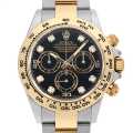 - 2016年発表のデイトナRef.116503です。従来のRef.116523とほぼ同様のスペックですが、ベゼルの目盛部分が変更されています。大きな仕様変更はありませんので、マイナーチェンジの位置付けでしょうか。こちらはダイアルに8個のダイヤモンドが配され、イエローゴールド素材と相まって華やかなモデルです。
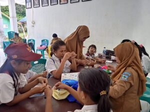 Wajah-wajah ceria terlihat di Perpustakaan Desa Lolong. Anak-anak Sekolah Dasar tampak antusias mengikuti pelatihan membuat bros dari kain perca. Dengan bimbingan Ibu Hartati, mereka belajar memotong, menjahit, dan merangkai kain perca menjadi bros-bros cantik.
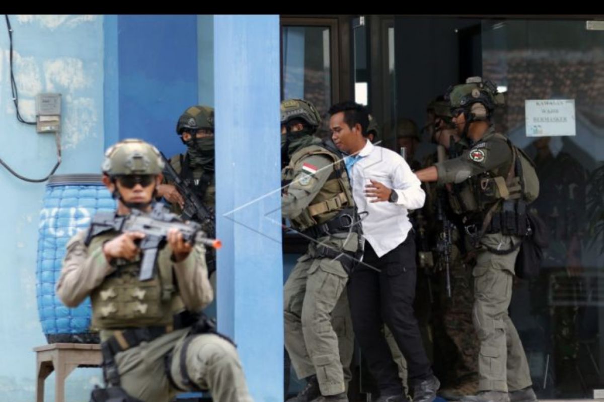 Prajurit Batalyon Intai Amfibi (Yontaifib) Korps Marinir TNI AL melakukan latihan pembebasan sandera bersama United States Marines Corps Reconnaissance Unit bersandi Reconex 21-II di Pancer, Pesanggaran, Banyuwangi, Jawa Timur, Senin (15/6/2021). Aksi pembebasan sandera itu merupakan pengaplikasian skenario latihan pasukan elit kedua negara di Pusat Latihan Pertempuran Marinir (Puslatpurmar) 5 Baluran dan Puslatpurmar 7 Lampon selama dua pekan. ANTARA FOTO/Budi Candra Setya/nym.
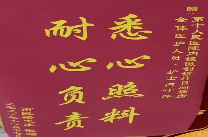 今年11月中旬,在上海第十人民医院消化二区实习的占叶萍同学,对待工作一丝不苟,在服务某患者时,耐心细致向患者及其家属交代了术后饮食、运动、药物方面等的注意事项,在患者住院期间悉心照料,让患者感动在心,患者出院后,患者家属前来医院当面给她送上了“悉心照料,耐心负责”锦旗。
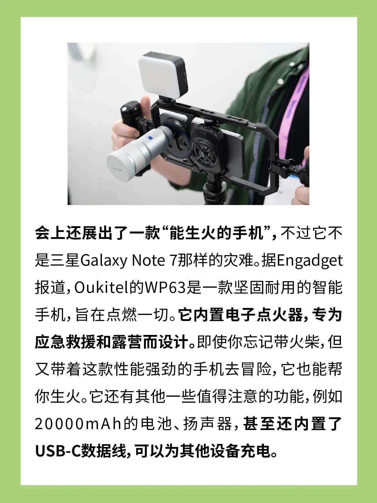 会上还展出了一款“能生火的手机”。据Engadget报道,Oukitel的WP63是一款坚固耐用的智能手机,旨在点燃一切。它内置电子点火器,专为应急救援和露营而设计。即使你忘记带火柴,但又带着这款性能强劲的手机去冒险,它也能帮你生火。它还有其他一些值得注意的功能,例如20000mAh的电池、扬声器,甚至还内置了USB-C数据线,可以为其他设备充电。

○ ○ ○

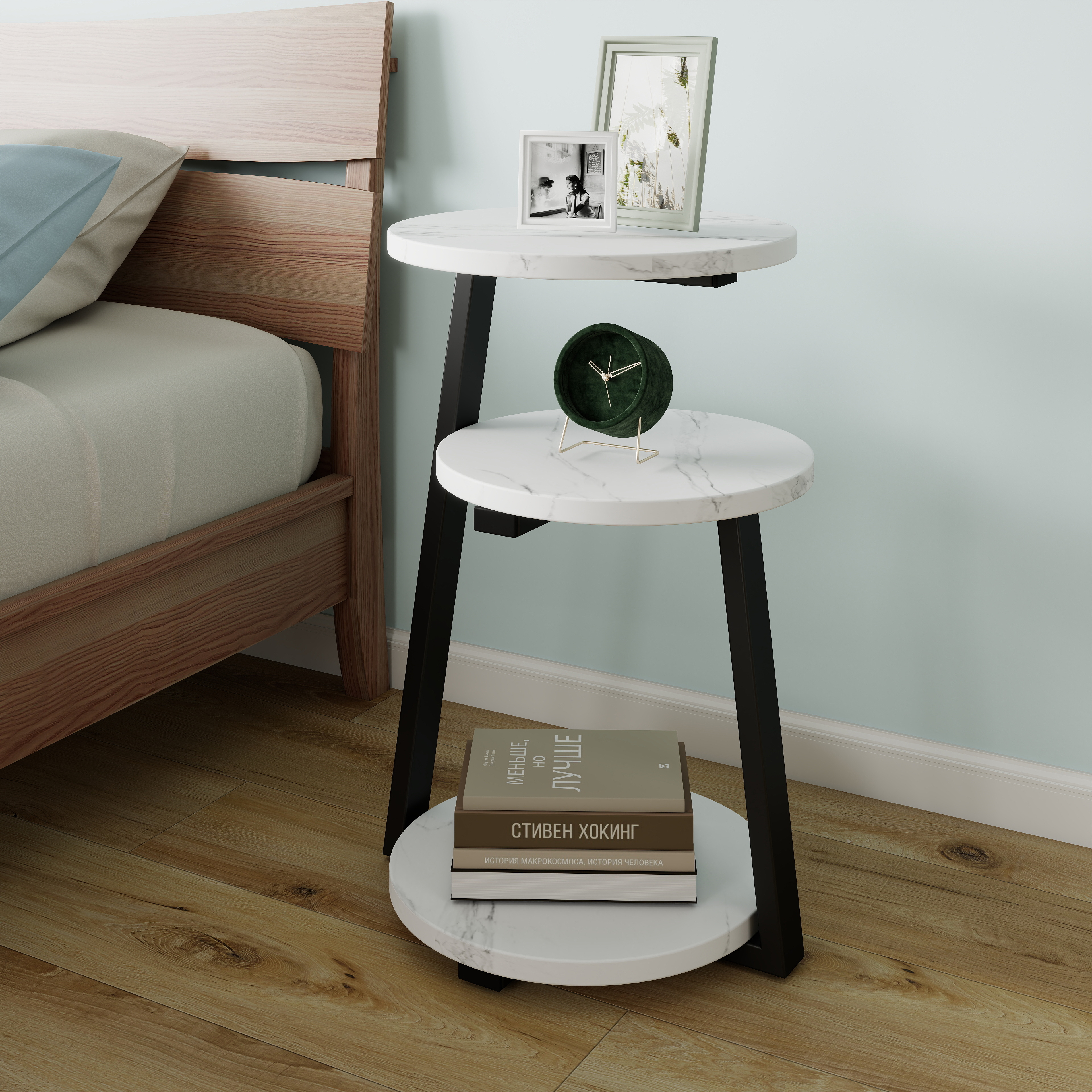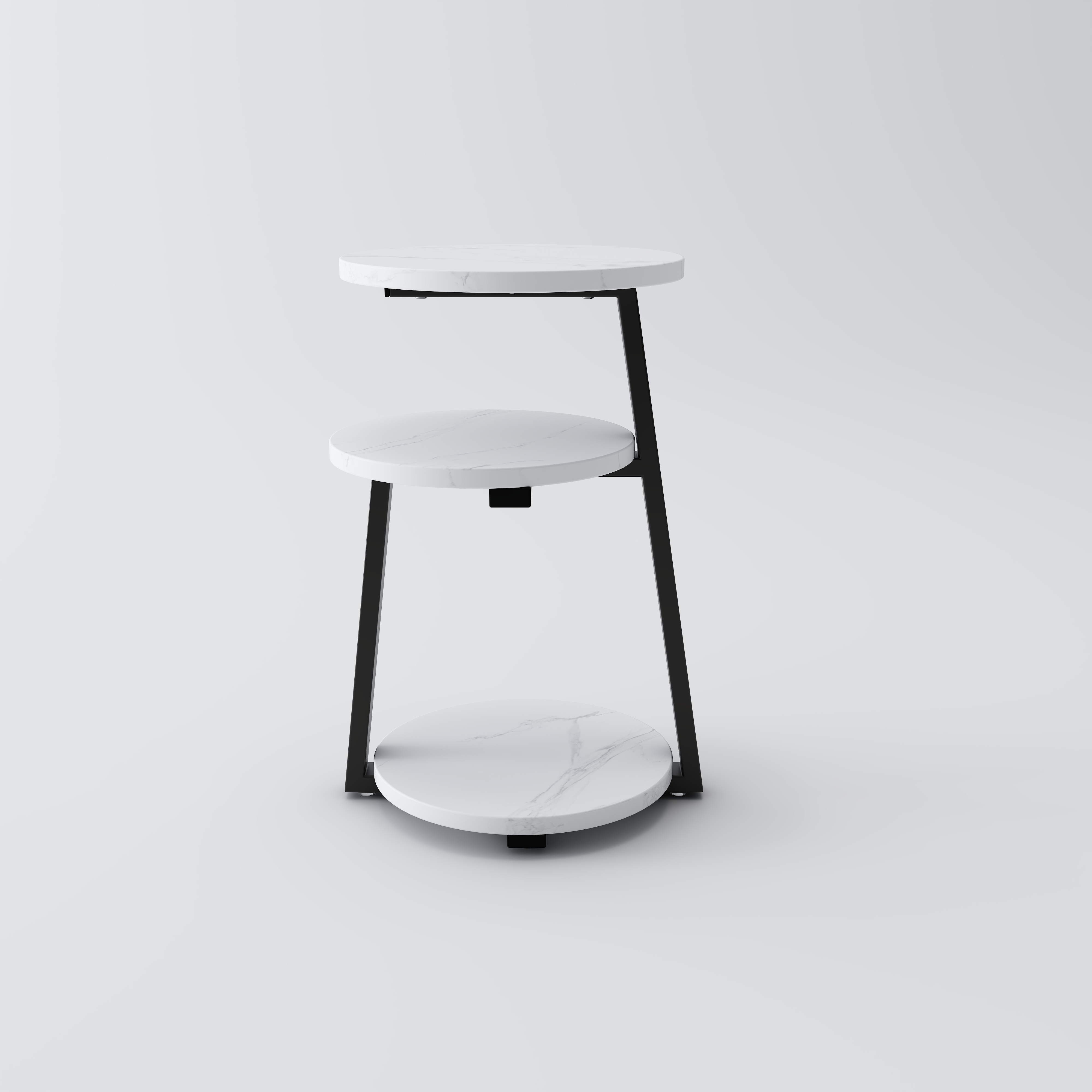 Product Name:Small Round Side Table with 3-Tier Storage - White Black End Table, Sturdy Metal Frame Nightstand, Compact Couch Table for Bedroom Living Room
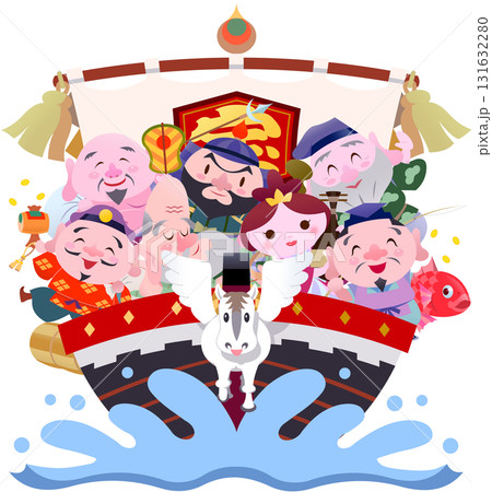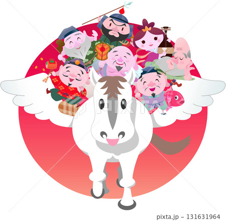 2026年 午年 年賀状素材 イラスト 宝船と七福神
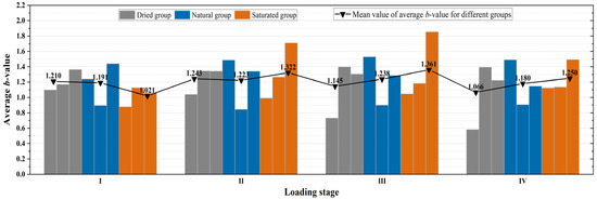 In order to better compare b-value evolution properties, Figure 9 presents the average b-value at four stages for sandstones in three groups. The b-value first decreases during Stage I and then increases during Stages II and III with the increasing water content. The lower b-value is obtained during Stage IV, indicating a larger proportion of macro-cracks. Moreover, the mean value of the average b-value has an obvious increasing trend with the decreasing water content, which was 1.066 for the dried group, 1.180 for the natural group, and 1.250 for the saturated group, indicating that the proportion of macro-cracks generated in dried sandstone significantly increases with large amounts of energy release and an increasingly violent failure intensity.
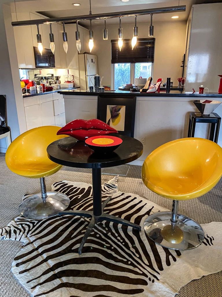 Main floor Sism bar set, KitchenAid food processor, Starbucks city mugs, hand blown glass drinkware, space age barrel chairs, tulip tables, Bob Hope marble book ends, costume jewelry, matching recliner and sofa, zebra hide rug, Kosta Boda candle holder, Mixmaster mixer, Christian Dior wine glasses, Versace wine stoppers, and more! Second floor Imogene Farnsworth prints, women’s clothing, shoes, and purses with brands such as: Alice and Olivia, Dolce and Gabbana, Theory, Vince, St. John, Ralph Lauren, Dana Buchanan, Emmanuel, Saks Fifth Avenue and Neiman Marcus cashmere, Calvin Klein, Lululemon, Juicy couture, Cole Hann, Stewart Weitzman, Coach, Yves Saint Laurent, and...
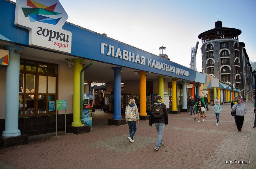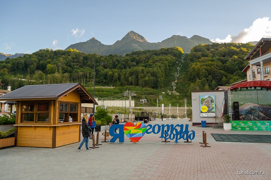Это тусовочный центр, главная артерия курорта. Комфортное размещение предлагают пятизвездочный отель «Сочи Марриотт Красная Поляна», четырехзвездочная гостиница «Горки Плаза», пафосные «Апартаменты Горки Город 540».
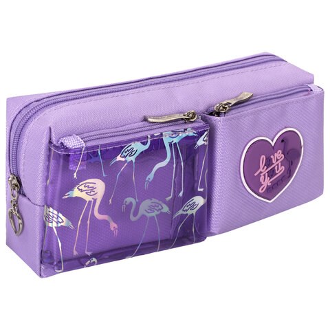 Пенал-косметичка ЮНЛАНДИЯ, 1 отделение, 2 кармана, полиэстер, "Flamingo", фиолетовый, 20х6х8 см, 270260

○ ○ ○

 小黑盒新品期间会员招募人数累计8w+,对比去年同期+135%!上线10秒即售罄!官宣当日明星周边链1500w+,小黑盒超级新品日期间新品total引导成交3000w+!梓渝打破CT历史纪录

○ ○ ○

Exercise description — For this exercise, return exactly the lines above from the line with "Prajurit Batalyon Intai" through the line with "今年11月中旬,在上海第十人", both included. Do not copy the pictures.

Completed task —
 Prajurit Batalyon Intai Amfibi (Yontaifib) Korps Marinir TNI AL melakukan latihan pembebasan sandera bersama United States Marines Corps Reconnaissance Unit bersandi Reconex 21-II di Pancer, Pesanggaran, Banyuwangi, Jawa Timur, Senin (15/6/2021). Aksi pembebasan sandera itu merupakan pengaplikasian skenario latihan pasukan elit kedua negara di Pusat Latihan Pertempuran Marinir (Puslatpurmar) 5 Baluran dan Puslatpurmar 7 Lampon selama dua pekan. ANTARA FOTO/Budi Candra Setya/nym.
 今年11月中旬,在上海第十人民医院消化二区实习的占叶萍同学,对待工作一丝不苟,在服务某患者时,耐心细致向患者及其家属交代了术后饮食、运动、药物方面等的注意事项,在患者住院期间悉心照料,让患者感动在心,患者出院后,患者家属前来医院当面给她送上了“悉心照料,耐心负责”锦旗。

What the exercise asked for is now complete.